La vita degli elefanti. Quanto sono intelligenti?

Gli elefanti possono imparare, imitare, giocare, avere senso dell’umorismo, essere altruisti, usare strumenti, provare compassione e rabbia. Di fatto, l’elefante è considerato intelligente quanto i cetacei e i primati, visto e considerato che la loro struttura cerebrale ha aspetti comuni a quella di esseri umani, delfini e balene.

È ormai ben noto che gli elefanti sono animali estremamente intelligenti. Un cervello da 5 chilogrammi deve pur servire a qualcosa, dopotutto. Ma la massa cerebrale non comporta necessariamente la nascita di comportamenti complessi, se non addirittura molto simili a quelli umani.

Gli elefanti sono classificati alla stessa posizione dei delfini per quanto riguarda la risoluzione di problemi pratici. Dal punto di vista emotivo, invece, hanno un ippocampo decisamente più grosso di quello di primati e cetacei: nell’elefante, l’ippocampo occupa circa lo 0,7% della struttura centrale del cervello, contro lo 0,5% degli esseri umani, e percentuali inferiori allo 0,1% per delfini e balene.

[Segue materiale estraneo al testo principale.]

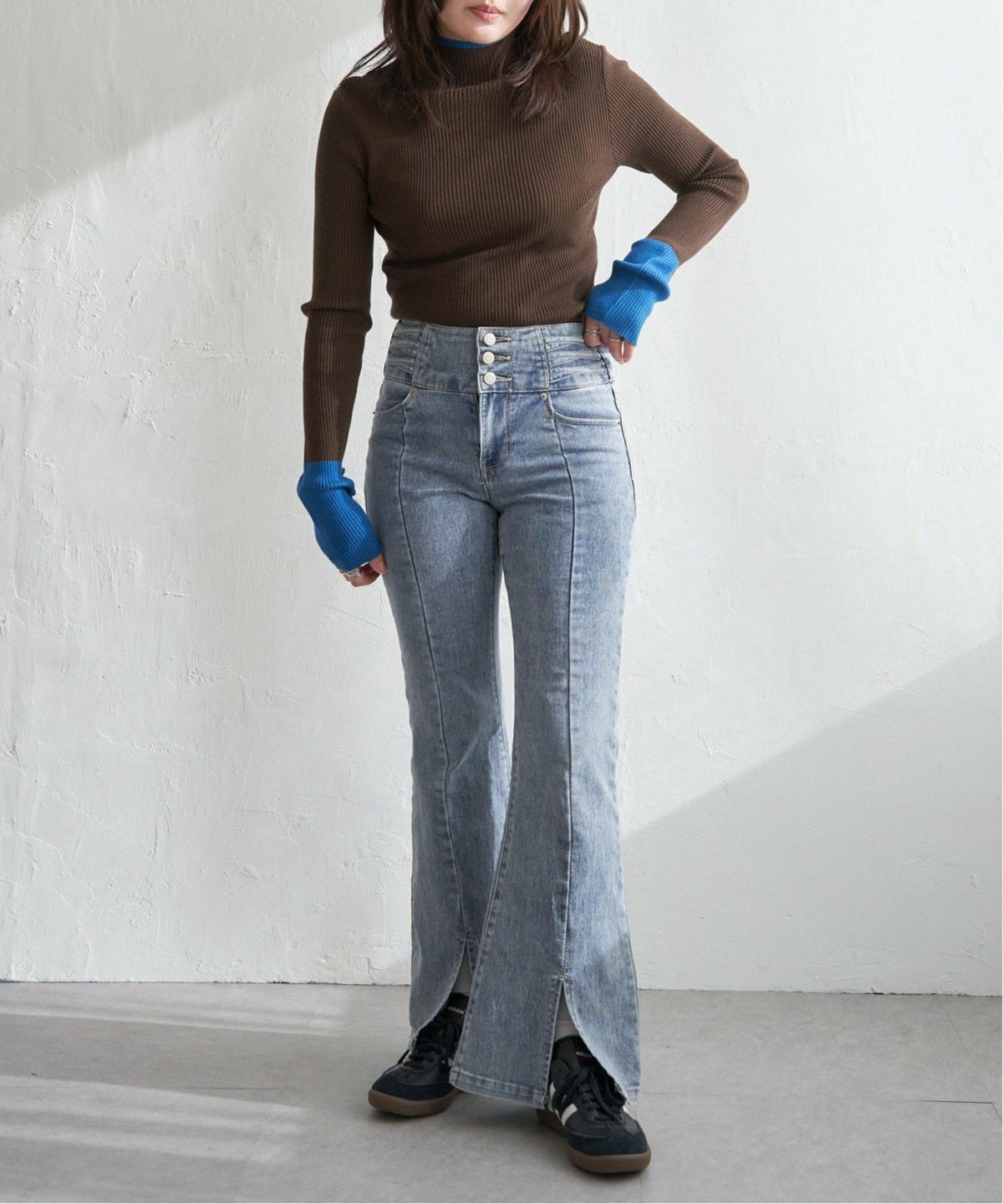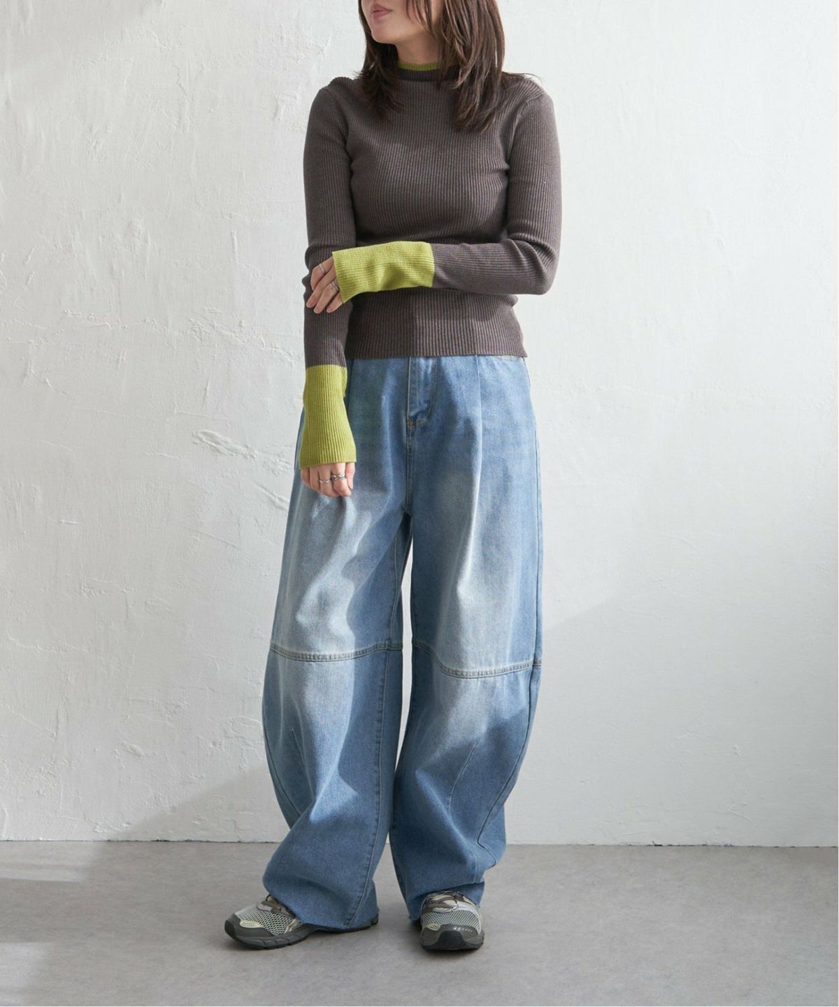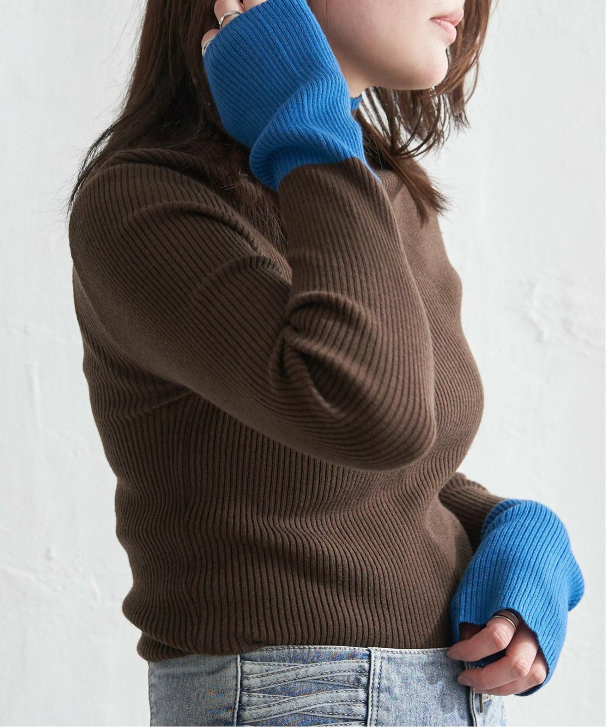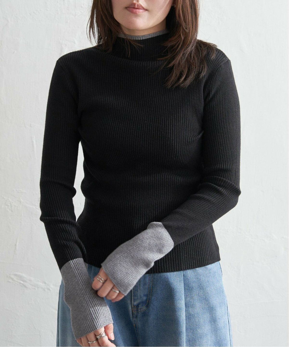 配色とディテールで魅せるハイネックニット 配色クールクールハイネックプルオーバー

L’ippocampo è collegato all’emozione scatenata da alcuni tipi di memoria, come quella spaziale: pare infatti che gli elefanti soffrano di flash-back psicologici, e di un disturbo equivalente allo stress post-traumatico.

La complessità del cervello degli elefanti ha portato alla creazione di vere e proprie società, con legami che vanno ben oltre la semplice utilità pratica. Ci sono evidenti episodi di condivisione del dolore tra individui dello stesso branco, o di compassione e aiuto nei confronti di un elemento più debole. Non lo fanno perchè il branco risulterebbe menomato di un individuo forte e utile, non solo per quello: lo fanno perchè sono empatici, riescono a percepire il dolore di un compagno e a comprenderne le ragioni.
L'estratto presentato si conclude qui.